Closed HappyCustomers closed 5 years ago
By start URL, do you mean the domain? If it is not available as an extracted field already, you can derive it from the URL using regular expression. Have a look at ReplaceTagger.
To only have the fields you want, you may want to use the KeepOnlyTagger.
If you first want to rename them to names of your choice, have a look at the RenameTagger.
Does that answer?
startURLs meam the URLs in the startURL tag. It can be domain or any other start URL used to extract web pages. Example
www.xyz.com www.abc.com/city
As we are going to load hundreds of start URLs using text file ,we need to link the start URLs to the indexed URLs.
Tried checking the ReplaceTagger, I don't get the startURL in the fromfield.
That feature is not present. It could prove challenging in some cases if a few different start URLs point to the same page for example.

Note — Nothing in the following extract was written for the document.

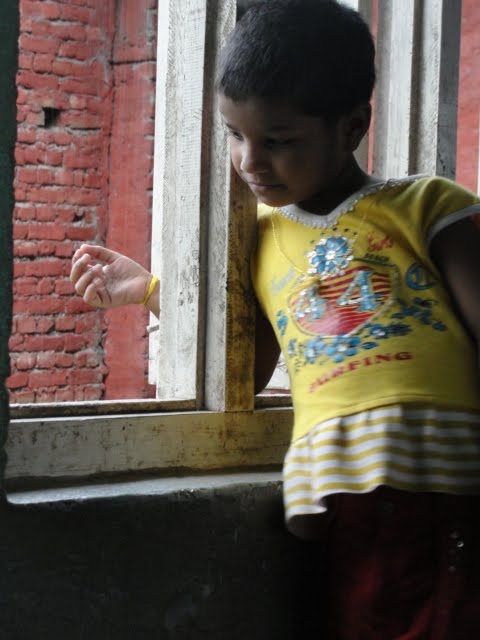On rainy Saturdays, a lot of the kids pour into one end of the dining hall and watch bad Indian TV on a station I have heard is owned by Fox. I think they have some movies and a DVD player too, but they don't have the basic patch cable to use it. I usually try to bring something with me, like paper and crayons, but often it is the things I have with me all the time that they are most interested in, like sunglasses, an umbrella, or, of course, my camera. They love taking pictures, and they love having their pictures taken, but there are always a few kids who snatch it away from the less powerful ones when I am not looking, or who weasel their way into four out of every five pictures taken.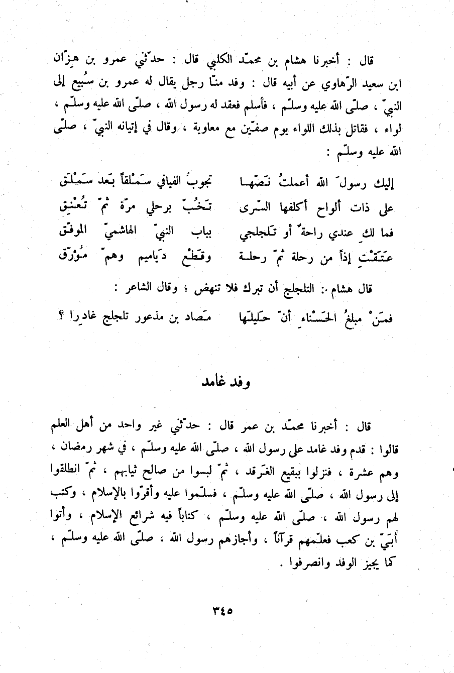 قَالَ: أَخْبَرَنَا مُحَمَّدُ بْنُ عُمَرَ قَالَ: حَدَّثَنِي غَيْرُ وَاحِدٍ مِنْ أَهْلِ الْعِلْمِ، قَالُوا: قَدِمَ وَفْدُ غَامِدٍ عَلَى رَسُولِ اللَّهِ صلّى الله عليه وسلم فِي شَهْرِ رَمَضَانَ وَهُمْ عَشَرَةٌ فَنَزَلُوا بِبَقِيعِ الْغَرْقَدِ، ثُمَّ لَبِسُوا مِنْ صَالِحِ ثِيَابِهِمْ، ثُمَّ انْطَلَقُوا إِلَى رَسُولِ اللَّهِ صلّى الله عليه وسلم فَسَلَّمُوا عَلَيْهِ وَأَقَرُّوا بِالْإِسْلَامِ، §وَكَتَبَ لَهُمْ رَسُولُ اللَّهِ صلّى الله عليه وسلم كِتَابًا فِيهِ شَرَائِعُ الْإِسْلَامِ وَأَتَوْا أُبَيَّ بْنَ كَعْبٍ فَعَلَّمَهُمْ قُرْآنًا وَأَجَازَهُمْ رَسُولُ اللَّهِ صلّى الله عليه وسلم كَمَا يُجِيزُ الْوَفْدَ وَانْصَرَفُوا

One workaround would be to somehow automate the launching multiple crawlers instead (admittedly maybe less practical) and use the ConstantTagger to define which one is which.

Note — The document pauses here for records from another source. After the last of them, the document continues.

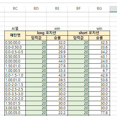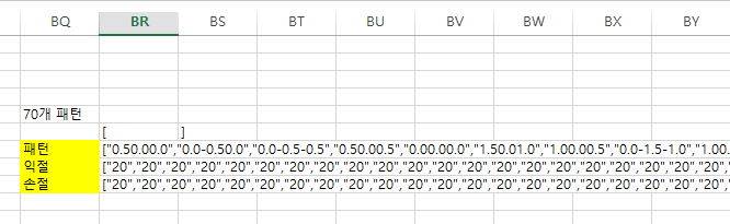 엑셀의 BQ열 이후로 만들어진 패턴, 익절, 손절을 리스트化 시킨 화면을 볼 수 있다.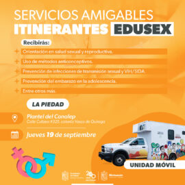 Morelia, Michoacán, 18 de Septiembre de 2024.- El jueves 19 de septiembre, la Secretaría de Salud de Michoacán (SSM) llevará su unidad móvil Edusex a escuelas de La Piedad, para ofrecer orientación, consejería y métodos anticonceptivos a estudiantes, para prevenir infecciones de transmisión sexual y embarazos no planificados....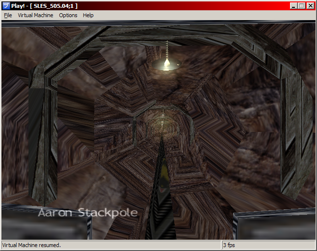 The textures are very messed up and they seem to move with the level, which might mean that it's a problem with perspective correction or something. Unfortunately, the little train in the game stops working at the position of the last screen shot. I'm guessing that there a little floating point inaccuracy bug... It's one of those problems that are quite hard to debug. I'll try to see if there's something I can do about it. |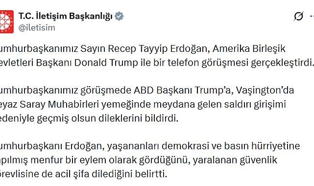 CUMHURBAŞKANI Recep Tayyip Erdoğan, ABD Başkanı Donald Trump ile telefon görüşmesi gerçekleştirdi.İletişim Başkanlığı'ndan yapılan yazılı açıklamada, "Cumhurbaşkanımız Sayın Recep Tayyip Erdoğan, Amerika Birleşik Devletleri Başkanı Donald Trump ile bir telefon görüşmesi gerçekleştirdi. Cumhurbaşkanımız görüşmede ABD Başkanı Trump'a, Vaşington'da Beyaz Saray Muhabirleri yemeğinde meydana gelen saldırı girişimi nedeniyle geçmiş olsun dileklerini bildirdi. Cumhurbaşkanı Erdoğan, yaşananları demokrasi ve basın hürriyetine yapılmış menfur bir eylem olarak gördüğünü, yaralanan güvenlik görevlisine de acil şifa dilediğini belirtti" denildi.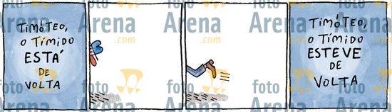 aittmm4001 ADÃO ITURRUSGARAI, MUNDO MONSTRO, TIMÓTEO, O TÍMIDO, FOLHA DE SÃO PAULO, 12.10.2009.DiálogoComo Timóteo, o tímido vai fazer para passar de uma porta à outra sem ser visto? Timóteo: tímido e campeão de 100m rasos.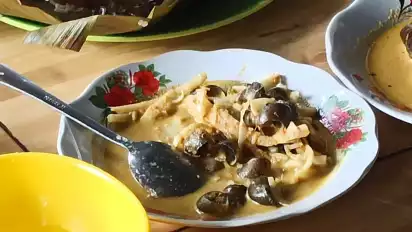 Bahan dasar gulai ini tentu saja liling padi, tutut atau keong gondang (pila ampullacea). Jenis siput air tawar ini kaya protein, asam amino esensial, mineral dan kalium yang sangat dibutuhkan tubuh. Dengan pengolahan yang tepat, tutut bisa menjadi sumber protein hewani yang bermutu dengan harga murah dibanding kambing, sapi ataupun ayam.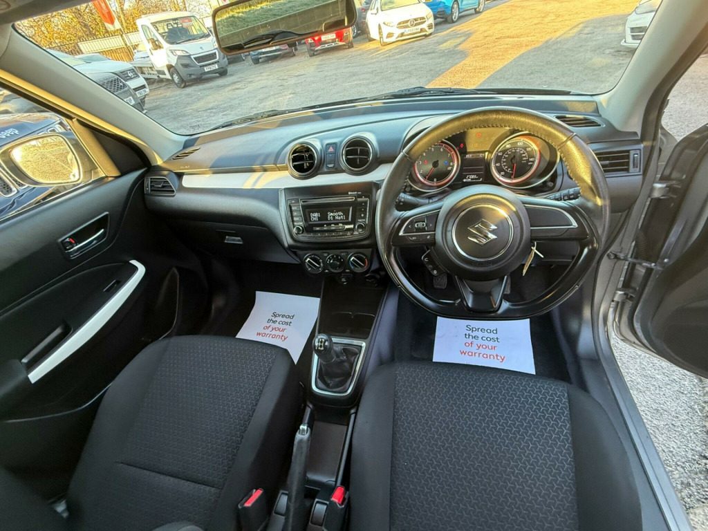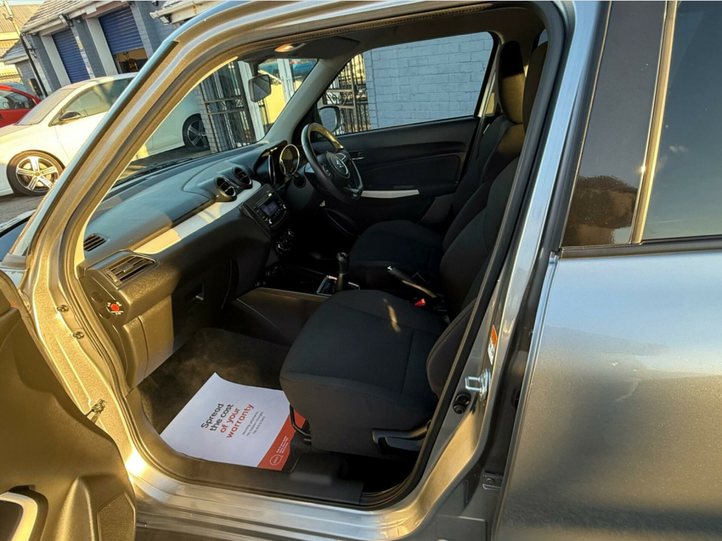 Discover this 2019 Suzuki Swift Attitude with exceptionally low mileage for its age, having covered just 27,000 miles. This Euro 6 compliant model boasts a 1.2 litre petrol engine and features manual air conditioning, integrated Bluetooth for your audio system, and a rear parking camera to assist with manoeuvring. The convenience of automatic headlamps further enhances your driving experience.This Suzuki Swift Attitude stands out with its low CO2 emissions, indicating a more environmentally conscious choice compared to many similar vehicles. The combination of its modest mileage, desirable Attitude trim, and practical features like the parking camera and Bluetooth connectivity make this a compelling option for anyone seeking a well maintained and efficient compact car. in alloy wheels - polished, 3 cup holders x2 front - x1 rear, 3-spoke leather covered steering wheel, abs with ebd and brake assist function, automatic headlamps, black coloured a and b pillars, bluetooth integrated into audio unit, body coloured - electrically adjustable and heated door mirrors, body coloured exterior mirrors and door handles, centre console with storage, centre lower box, child seat tether anchorages x 2, childproof rear door locks, chrome hand brake release button, chrome interior door handles, dab digital radio, deadlocks, digital clock, driver seat height adjuster, driver and front passenger airbags, esp - electronic stability program, electric front windows, emergency flat tyre repair kit, foot protecting brake and clutch pedals, freewheeling key cylinders, front - side and rear carbon effect skirts, front 3-point elr seatbelts, front accessory socket, front assist grips passenger side, front fog lights, front map light, front passenger airbag deactivation system, front passenger side seatback pocket, front sunvisors with vanity mirrors and ticket holder, front wiper with adjustable intermittent, front and rear seatbelt reminder, fuel consumption display - average-instantaneous and range, gear shift indicator, glove box, green tinted windows, guide me home light function, halogen multi-reflector headlights, high mounted brake light, isofix child seat anchorages, immobiliser, led daytime running lights - mounted on front bumper, lights-on and key-in reminder, locking wheel bolts, low fuel warning light, luggage area shelf and lamp, manual air conditioning, mesh front grille with chrome trim, outside temperature display, pollen filter, power steering, rear 3-point elr seatbelts, rear fog lamps, rear parking camera, rear privacy glass, rear seat with 60-40 split folding, rear seats with neck rest x2, rear upper spoiler, rear wiper with intermittent, remote central door locking, side impact protection beams, side and curtain airbags, smartphone linkage display audio, speakers x4, steering wheel - tilt-adjustable, steering wheel mounted audio controls, storage pocket with bottle holder in all doors, tpms - tyre pressure monitoring system, tachometer, usb and aux connectors - console box, white instrument panel and front door trim

Also, do you know if you will always have different domains? If so the domain approach suggested before can be used to help you identify each.

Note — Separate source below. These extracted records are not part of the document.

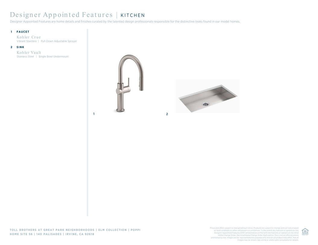 Toll Brothers Designer Appointed Collections are professionally curated selections of fixtures and finishes that come together to create a cohesive, distinctive look for a home. Learn More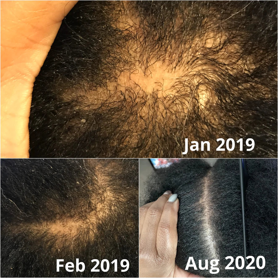 The head of hair in this photo belongs to our CEO - Yogi!! The struggle to maintain a healthy, full head of hair has plagued my scalp for the longest. I used my creation faithfully for a month beginning in January 2019 and by February, my hair had already started filling in. A year and some months later in August of 2020, my problem area has completely filled in!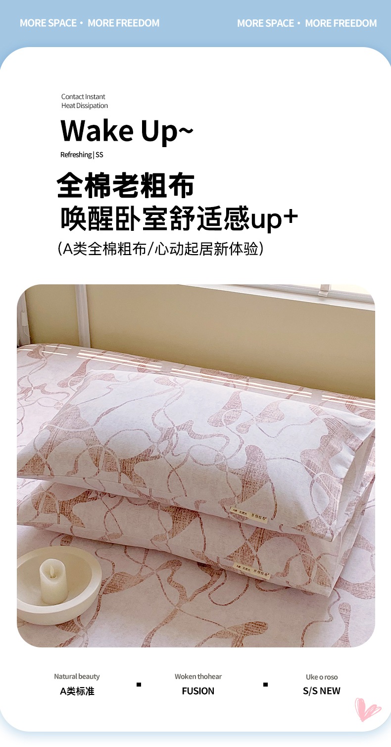 金鑫汇家纺 2025年新款百分百全棉老粗布全棉加厚加密高克重单品枕套(花型更好卖,面料更厚实,自带凉感) 米亚红
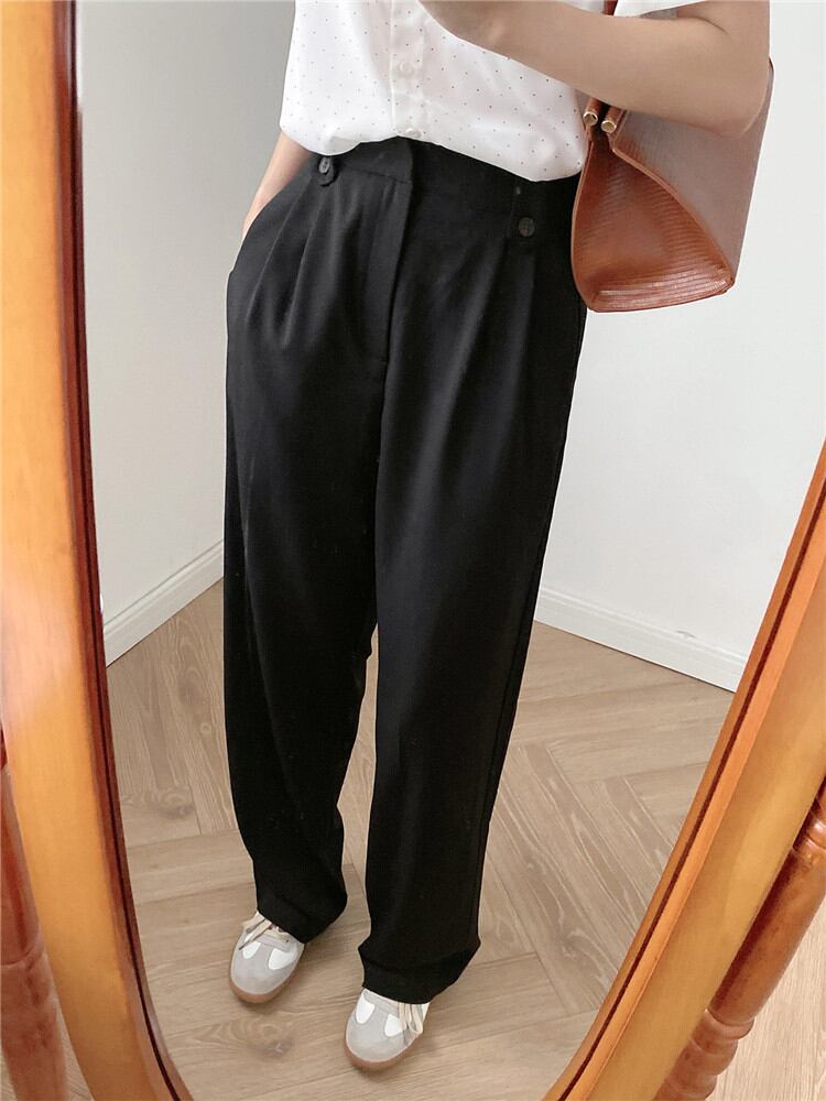 ◎【送料無料】秋の新作 レディース ストレート ハイウエスト ワイドパンツ スーツパンツ スリム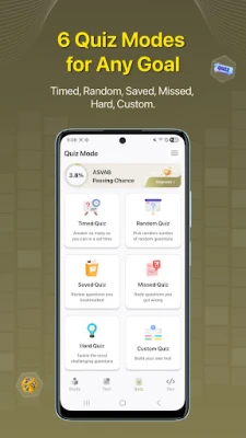 • Quick Study Modes: Practice with random, timed, missed, and saved quizzes — ideal for fast learning anytime.

How many level deep do you crawl? Since you have hundreds of start URLs, if you go only 1 level deep, you will get the start URL in a collector.referrer-reference
field.
If you crawl deeper and you don't mind getting the start URLs in a post-index SQL query, you can use that field to reconstruct the full crawl path of a document (including the start URL).
If none of the above can work for you, we can make this a feature request.
All the URLs will be of different Domain. 2 Level deep is sufficient for crawling`. It would be a great feature if we can store the startURL in MYSQL against each indexed page. Thank you
I am marking this as a feature request to store the start URL or the full crawl path to the document (as opposed to just the direct parent).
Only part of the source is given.